WHAT THE EXERCISE ASKS:
Please output only the lines running from the one that contains "Turnul de birouri" through the last line of the data below, exactly as they stand, with no pictures.

Stored data entries:

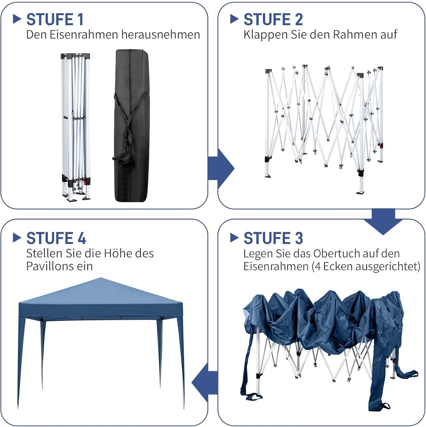【EASY SETUP】Few minutes to set up or take down by one person. Fix the canopy with the frame, then open the foldable frame and adjust the height. Powder coated steel frame is easy to open and collapse down
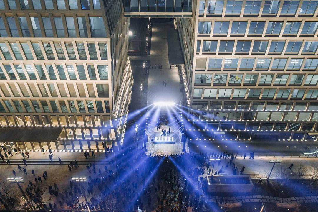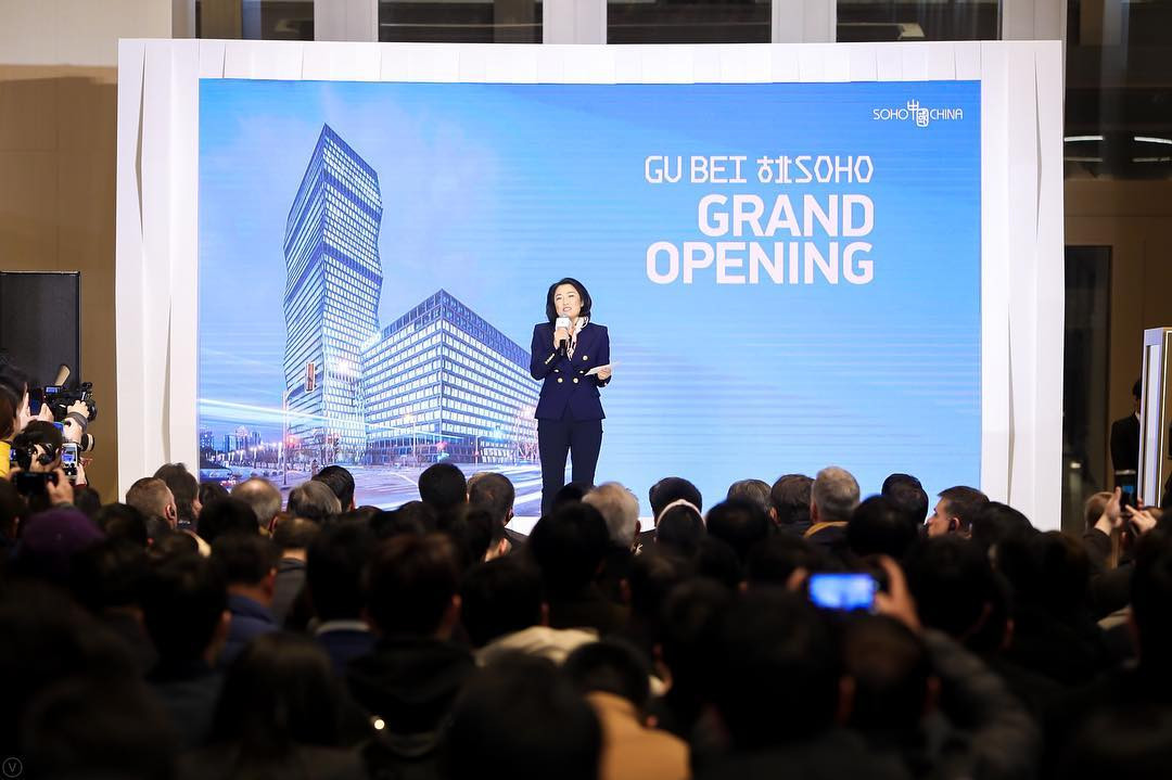Turnul de birouri are 38 de etaje a fost inaugurat pe 28 februarie, printr-o ceremonie care a fost marcată de expoziția personală de fotografie a lui Pan Shiyi expusă în holul SOHO Gubei. Expoziția cuprinde peste 80 de portrete de antreprenori, oameni de știință, actori, scriitori, lucrători în construcții, profesori și copii din satul Panji din Tinahsui Gansu.
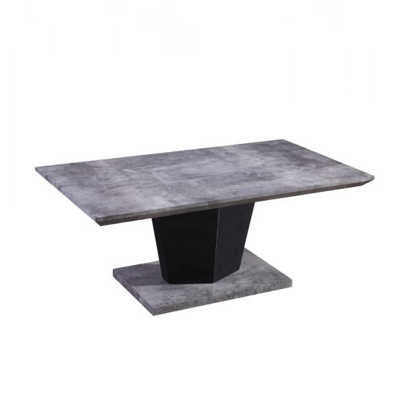 Concrete finish coffee table with high gloss pedestal.
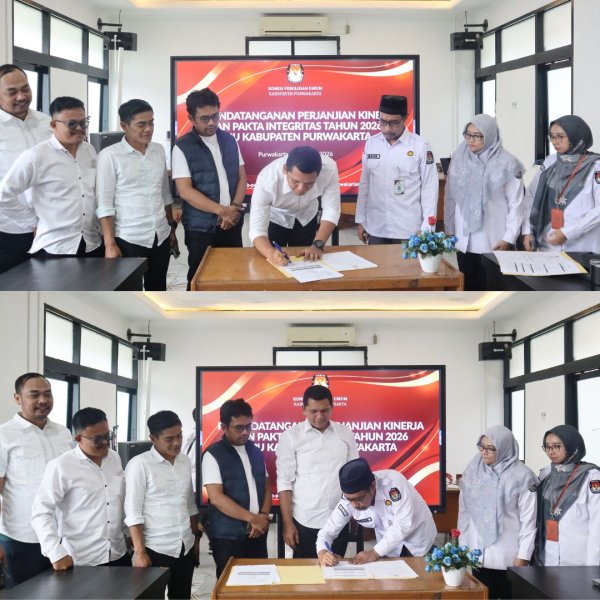 PURWAKARTA — Komisi Pemilihan Umum (KPU) Kabupaten Purwakarta melaksanakan Penandatanganan Perjanjian Kinerja dan Pakta Integritas Tahun 2026 pada Senin (19/1) bertempat di Aula Kantor KPU Kabupaten Purwakarta. Kegiatan ini dihadiri oleh seluruh jajaran KPU Kabupaten Purwakarta, meliputi Ketua dan Anggota KPU, Sekretaris, Kepala Subbagian, serta pelaksana sekretariat.
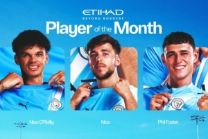體育資訊12月1日訊 曼城官方公布11月隊(duì)內(nèi)最佳候選,奧賴?yán)?、尼科·岡薩雷斯、福登三人入圍。

SOLUTION TO THIS TASK:
Turnul de birouri are 38 de etaje a fost inaugurat pe 28 februarie, printr-o ceremonie care a fost marcată de expoziția personală de fotografie a lui Pan Shiyi expusă în holul SOHO Gubei. Expoziția cuprinde peste 80 de portrete de antreprenori, oameni de știință, actori, scriitori, lucrători în construcții, profesori și copii din satul Panji din Tinahsui Gansu.
 Concrete finish coffee table with high gloss pedestal.
 PURWAKARTA — Komisi Pemilihan Umum (KPU) Kabupaten Purwakarta melaksanakan Penandatanganan Perjanjian Kinerja dan Pakta Integritas Tahun 2026 pada Senin (19/1) bertempat di Aula Kantor KPU Kabupaten Purwakarta. Kegiatan ini dihadiri oleh seluruh jajaran KPU Kabupaten Purwakarta, meliputi Ketua dan Anggota KPU, Sekretaris, Kepala Subbagian, serta pelaksana sekretariat.
體育資訊12月1日訊 曼城官方公布11月隊(duì)內(nèi)最佳候選,奧賴?yán)?、尼科·岡薩雷斯、福登三人入圍。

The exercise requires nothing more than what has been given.